2.3. Sequence Assembly and Annotation

The raw data generated by sequencing needed to be preprocessed. Cutadapt was used to filter out unqualified sequences and obtain valid data before further analysis [22]. Reads with an adaptor containing more than 5% of N (N indicates that base information cannot be determined) were removed. Low quality reads (more than 20% of the total read exhibiting a mass value of Q ≤ 10) were removed. The original sequencing amount, the effective sequencing amount, Q20, Q30, and GC contents were counted and comprehensively evaluated. Thereafter, sequence quality was verified using FastQC (http://www.bioinformatics.babraham.ac.uk/projects/fastqc/, accessed on 21 November 2021). The known annotation information in the species database (https://www.ncbi.nlm.nih.gov/genome/?term=Magnaporthe%20oryzae, accessed on 21 November 2021) was analyzed, including chromosome number, gene number, transcript number, GO annotation (http://geneontology.org, accessed on 21 November 2021), and KEGG annotation (http://www.kegg.jp/kegg, accessed on 21 November 2021).

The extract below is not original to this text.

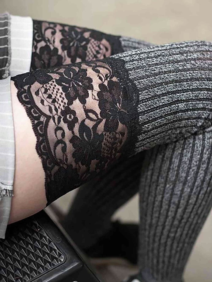 Dantel Gri Diz Üstü Koton Çorap

2.4. Gene Expression Analysis

The algorithm feature Counts version 1.5.0-p3 was used for the FPKM calculation of each gene, according to the length of the gene and the read count mapped to this gene [23]. Expression levels of different samples of M. oryzae treated with citral were obtained by calculating a whole-genome model [24,25]. We used edgeR to finish the StringTie assembly and quantitative genetic variance analysis (significant difference threshold for |log2 foldchange| ≥ 1, p < 0.05) [26]. Finally, the volcano figure, GO, and KEGG enrichment analyses were performed on the DEGs.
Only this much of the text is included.